Typically, 1.2 represents an ideal, minimal number of passes through the raw data in order to produce calibrated data summary tapes for physics analysis. However, it is noteworthy that in STAR we have typically processed the raw data an average of 3.5 times where, at each step, major improvements in the calibrations were made which enabled more accurate reconstruction, resulting in greater precision in the physics measurements. The Year 4 data sample in STAR will include the new ¾ barrel EMC data which makes it unlikely that sufficiently accurate calibrations and reconstruction can be achieved with only the ideal 1.2 number of passes as we foresee the need for additional calibration passes through the entire data in order to accumulate enough statistics to push the energy calibration to the high Pt limit.

While drastically diverging from the initial computing requirement plans ( 1), this mode of operation, in conjunction with the expanded production time table, calls for a strengthening of procedures for calibration, production and quality assurance.
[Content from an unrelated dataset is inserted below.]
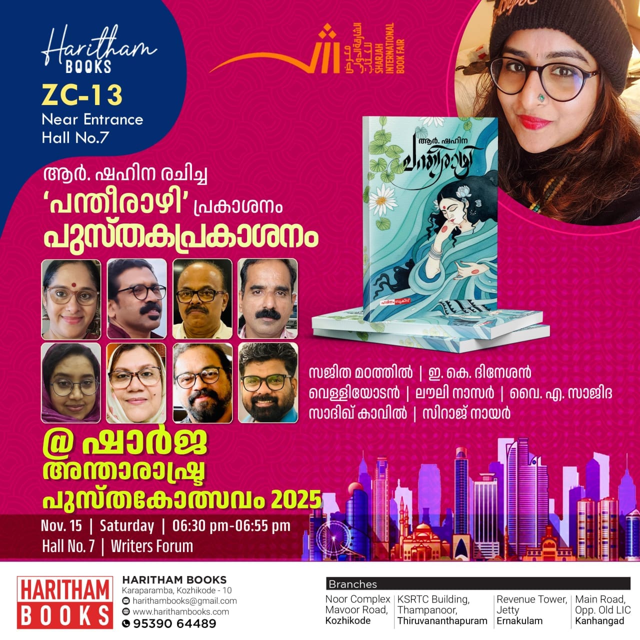 ഷാർജ . എഴുത്തുകാരിയും നർത്തകിയും അഭിനേത്രിയുമായ അഡ്വ.ആർ ഷഹിനയുടെ ഓർമ്മക്കുറിപ്പുകളുടെ സമാഹാരം പന്തീരാഴി ഷാർജ അന്താരാഷ്ട്ര പുസ്തകമേളയിൽ വെച്ച് പ്രകാശനം ചെയ്യും . 2025 നവംബർ 15 ശനിയാഴ്ച വൈകുന്നേരം 6 മണിക്ക് റൈറ്റേഴ്സ് ഫോറം ഹാളിൽ വെച്ച നടക്കുന്ന ചടങ്ങിൽ ചലച്ചിത്ര താരം സജിത മഠത്തിൽ എഴുത്തുകാരനും പ്രഭാഷകനുമായ ഇ കെ ദിനേശന് നൽകിക്കൊണ്ട് പ്രകാശന കർമ്മം നിർവ്വഹിക്കും . പ്രതാപൻ തായാട്ട് ആമുഖ ഭാഷണം നടത്തും .
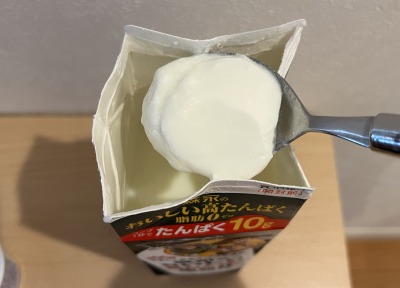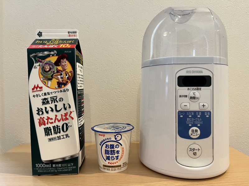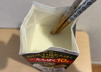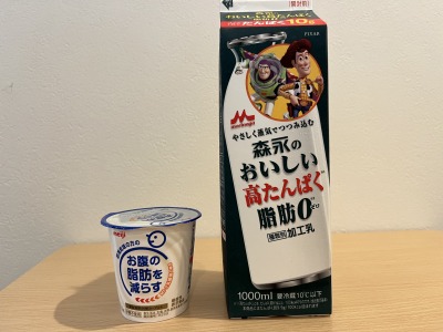 では、「脂肪対策ヨーグルト」を量産してみましょう。ダイエットが目的なので、できるだけ脂肪分の少ない牛乳を使います。今回使用するのは、「森永のおいしい高たんぱく脂肪0 加工乳」です。こちらは200mlあたり10gのたんぱく質が入っていて、さらに脂肪分がゼロという優れものです。

The following table summarizes the expectations for ~ 70 Million events with a mix of central and minbias triggers. Numbers of files and data storage requirements are also included for guidance


Au+Au 200 (minbias)

35 M central

35 M minbias

Total

No DAQ100 (1 pass)

329 days

152 days

481 days

No DAQ100 (2 passes)

658 days

304 days

962 days

Assuming DAQ100 (1 pass)

246 days

115 days

361 days

Assuming DAQ100 (2 passes)

493 days

230 days

723 days

Total storage estimated (raw)

x

x

203 TB

Total storage estimated
(1 pass)

x

x

203 TB


Quality Assurance: Goals and proposed procedure for QA and productions

What is QA in STAR?

The goal of the QA activities in STAR is the validation of data and software, up to DST production. While QA testing can never be exhaustive, the intention is that data that pass the QA testing stage should be considered highly reliable for downstream physics analysis. In addition, QA testing should be performed soon after production of the data, so that errors and problems can be caught and fixed in a timely manner.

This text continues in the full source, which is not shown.